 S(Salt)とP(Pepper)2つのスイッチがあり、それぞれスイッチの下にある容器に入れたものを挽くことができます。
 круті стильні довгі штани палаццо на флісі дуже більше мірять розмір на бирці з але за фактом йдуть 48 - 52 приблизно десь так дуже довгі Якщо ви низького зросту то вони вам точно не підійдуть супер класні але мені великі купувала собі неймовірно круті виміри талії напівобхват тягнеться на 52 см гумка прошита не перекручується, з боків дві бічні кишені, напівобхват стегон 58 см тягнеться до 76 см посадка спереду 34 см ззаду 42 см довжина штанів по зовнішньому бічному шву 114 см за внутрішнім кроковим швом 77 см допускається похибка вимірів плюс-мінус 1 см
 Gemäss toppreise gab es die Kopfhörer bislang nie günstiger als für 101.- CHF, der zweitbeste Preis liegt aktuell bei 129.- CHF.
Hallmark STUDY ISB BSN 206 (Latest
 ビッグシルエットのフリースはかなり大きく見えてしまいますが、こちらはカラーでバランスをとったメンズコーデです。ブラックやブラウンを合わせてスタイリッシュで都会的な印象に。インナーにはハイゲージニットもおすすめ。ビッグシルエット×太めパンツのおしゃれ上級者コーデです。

===

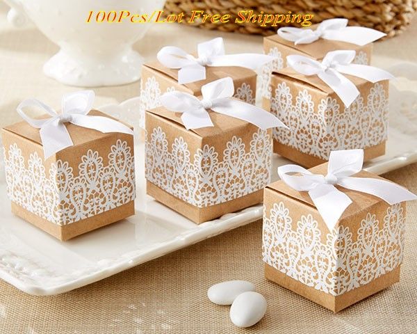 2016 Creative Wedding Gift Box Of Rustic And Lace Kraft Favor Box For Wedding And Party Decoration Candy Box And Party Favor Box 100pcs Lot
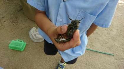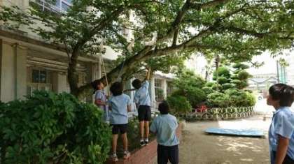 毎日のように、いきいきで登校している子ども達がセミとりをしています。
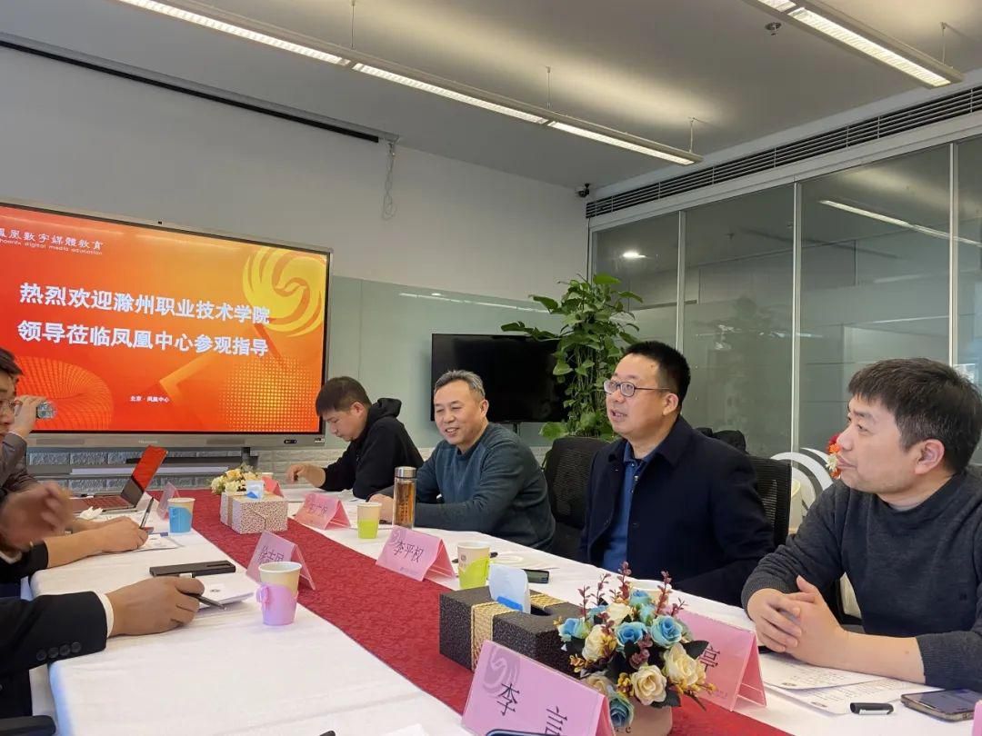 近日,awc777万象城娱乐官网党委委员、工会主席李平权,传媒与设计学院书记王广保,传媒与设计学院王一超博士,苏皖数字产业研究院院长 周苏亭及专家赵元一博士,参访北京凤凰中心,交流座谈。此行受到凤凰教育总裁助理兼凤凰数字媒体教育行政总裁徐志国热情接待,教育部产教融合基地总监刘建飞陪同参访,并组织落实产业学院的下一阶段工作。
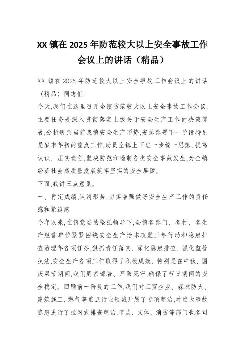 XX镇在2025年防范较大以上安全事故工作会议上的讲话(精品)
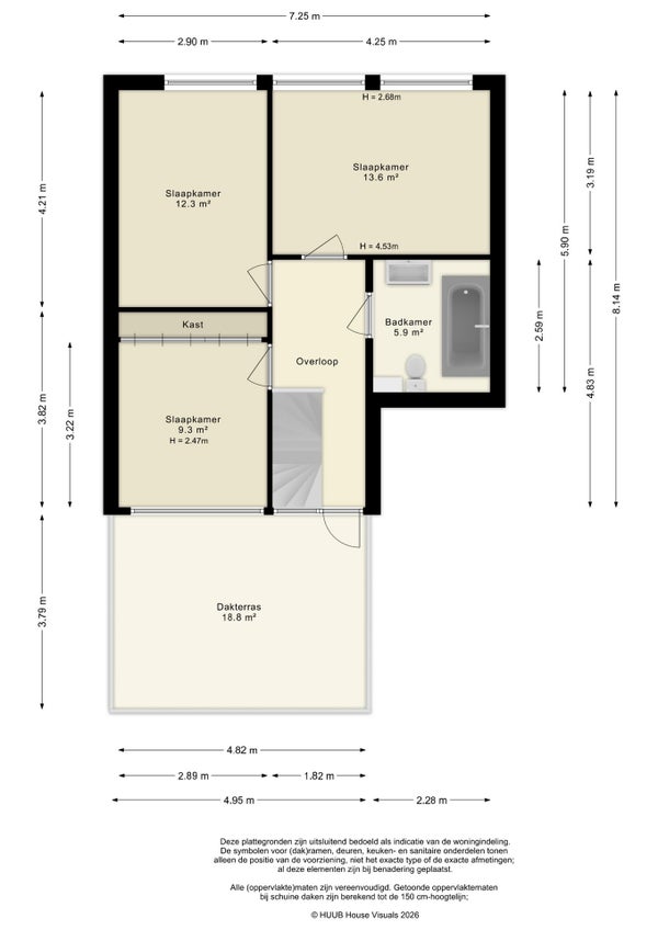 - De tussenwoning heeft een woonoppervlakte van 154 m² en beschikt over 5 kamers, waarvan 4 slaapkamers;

===

- WHAT TO PRODUCE: Look above for the line with "Gemäss toppreise gab" and the line with "ビッグシルエットのフリースは". Write out those two lines and all the lines between them, exactly, and no others.

- THE COMPLETED TASK:
 Gemäss toppreise gab es die Kopfhörer bislang nie günstiger als für 101.- CHF, der zweitbeste Preis liegt aktuell bei 129.- CHF.
Hallmark STUDY ISB BSN 206 (Latest
 ビッグシルエットのフリースはかなり大きく見えてしまいますが、こちらはカラーでバランスをとったメンズコーデです。ブラックやブラウンを合わせてスタイリッシュで都会的な印象に。インナーにはハイゲージニットもおすすめ。ビッグシルエット×太めパンツのおしゃれ上級者コーデです。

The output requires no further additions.